-------- Raw data
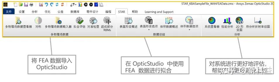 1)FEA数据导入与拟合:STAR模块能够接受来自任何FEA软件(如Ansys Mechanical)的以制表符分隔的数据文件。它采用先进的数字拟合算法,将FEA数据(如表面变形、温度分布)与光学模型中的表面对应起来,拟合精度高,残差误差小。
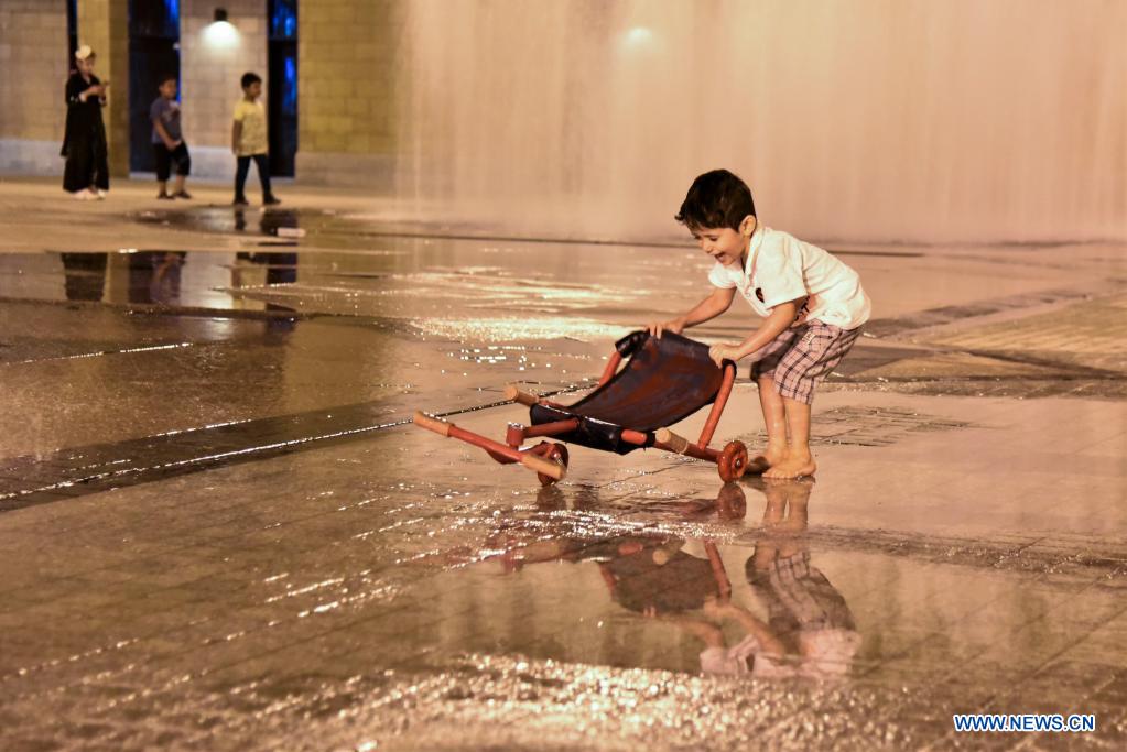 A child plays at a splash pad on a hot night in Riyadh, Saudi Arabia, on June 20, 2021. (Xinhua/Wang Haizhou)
----------------
-------- Raw data
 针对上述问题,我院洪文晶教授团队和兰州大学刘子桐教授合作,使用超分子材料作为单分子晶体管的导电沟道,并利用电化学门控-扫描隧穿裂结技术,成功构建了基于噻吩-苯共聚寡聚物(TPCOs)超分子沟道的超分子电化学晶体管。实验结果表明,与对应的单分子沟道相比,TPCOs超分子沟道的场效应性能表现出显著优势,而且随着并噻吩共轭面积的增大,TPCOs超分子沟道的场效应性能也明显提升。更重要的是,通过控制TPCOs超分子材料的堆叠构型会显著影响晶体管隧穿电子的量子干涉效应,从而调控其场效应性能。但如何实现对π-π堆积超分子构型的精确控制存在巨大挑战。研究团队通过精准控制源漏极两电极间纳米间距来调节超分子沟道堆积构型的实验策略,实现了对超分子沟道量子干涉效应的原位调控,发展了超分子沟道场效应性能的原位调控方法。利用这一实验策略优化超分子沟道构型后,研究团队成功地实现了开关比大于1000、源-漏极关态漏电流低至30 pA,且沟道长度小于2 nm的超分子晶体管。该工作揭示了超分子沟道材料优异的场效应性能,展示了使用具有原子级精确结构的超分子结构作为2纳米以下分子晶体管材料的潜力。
----------------
(Exercise prompt):
What you need to produce is an exact copy of the entries above, limited to the lines from the one with "1)FEA数据导入与拟合:S" up to and including the one with "A child plays", without pictures.

(Result of the task):
 1)FEA数据导入与拟合:STAR模块能够接受来自任何FEA软件(如Ansys Mechanical)的以制表符分隔的数据文件。它采用先进的数字拟合算法,将FEA数据(如表面变形、温度分布)与光学模型中的表面对应起来,拟合精度高,残差误差小。
 A child plays at a splash pad on a hot night in Riyadh, Saudi Arabia, on June 20, 2021. (Xinhua/Wang Haizhou)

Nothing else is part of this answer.